Tuesday, August 05, 2008

Dumb Democrats Blame Speculators

In response to my letter that speculators were not to blame for the high price of oil, a letter writer to our local weekly paper, the Independent Coast Observer, who I shall call Mr. McManus, observed that there are multiple factors driving the cost of oil, then blamed the Republican Congress of 1999 for enabling Enron to play games with energy costs (and I might add, go bankrupt). Apparently confusing spot prices with the futures market, Mr. McManus then noted that barrels of oil – I assume he is referring to futures contracts for oil – may be traded more than 20 times before the oil is delivered.

Indeed, futures contracts are traded numerous times before the commodity – not just oil - is finally delivered. In fact, that’s the way commodity market trading is designed to function.

As Robert J. Samuelson explains in Newsweek, July 7, 2008, commodity investing is different than stock trading or real estate. Unlike Mr.

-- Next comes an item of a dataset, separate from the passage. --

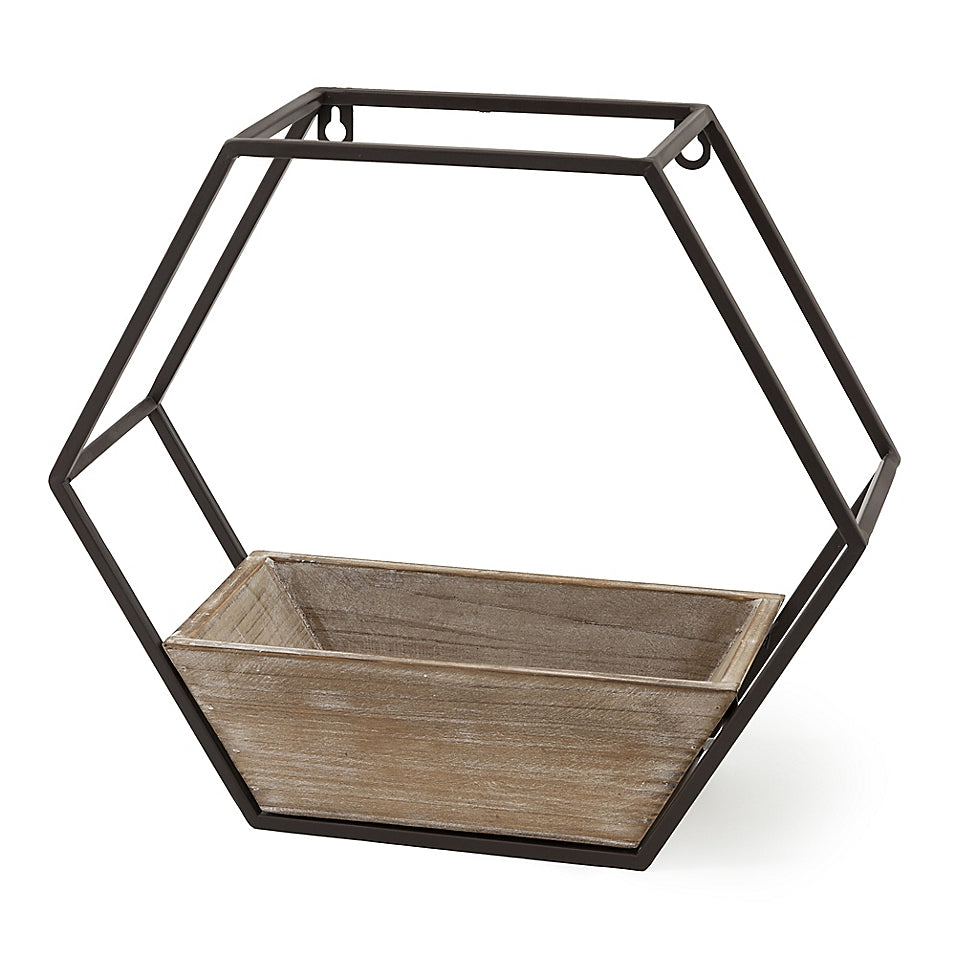 Show off your faux plants in style with the Hexagon Indoor Wall Planter from Boston International. Black metal 3D hexagon frame holds a natural wood basin at the bottom for floral displays or holding small items like keys and sunglasses.

McManus’s Enron-like example of traders trading oil back and forth on paper, oil futures trading creates a gain and a loss on each trade.

The International Energy Agency predicts that demand for crude oil will rise strongly over the next five years (2007 through 2012), driven by global economic growth of 4.5 to 5.0 per cent a year.

Concominantly, world crude oil production declined about half a million barrels per day in the past three years (2005 through 2007), and the combination of rapidly increasing demand with supply stagnation has drawn down worldwide oil inventories.

The surplus oil buffer – the excess of production capacity over demand – is shrinking from 3 million barrels per day to 1.5 million.

In summary, demand for oil is strong and growing steadily, and supply is actually shrinking along with productive capacity.

For the United States, oil production has declined steadily since 1970: 9,640,000 barrels per day then, only 5,100,000 now, or a decline of 47%.

US oil consumption is 20,770,000 barrels per day, compared to approximately 14,500,000 in 1970, or an increase in consumption of 43% while our production was falling 47%.

In the past two decades US crude oil reserves have fallen 23% to 280 million barrels, or enough to last less than two weeks at our current consumption rate of almost 21 million barrels a day (an additional 706 million barrels, or 34 days’ worth, is held in the Strategic Petroleum Reserve).

While Democrats demagogue speculators, all signs are that the market is adhering to the laws of supply and demand. Light, sweet crude for September delivery has now fallen in six of the last nine sessions and has shaved 18 percent off its trading record of $147.27 reached July 11, curbing speculation by costing many speculators their shirts..

"People are looking for any excuse to sell oil right now," said Jim Ritterbusch, president of energy consultancy Ritterbusch and Associates in Galena, Ill., and are doing so, even when faced with possible strife with Iran and a hurricane in the Gulf.

Following Obama's remarks that he would support offshore drilling in the US, "the market is increasing the odds now that the drilling deal will get done and we will see more production coming out of the Gulf of Mexico," said Phil Flynn, analyst at Alaron Trading Corp. in Chicago. "There's nothing that cures high prices like high prices."

As Anthony deJasay cogently explains: Like oil, speculators too can burn.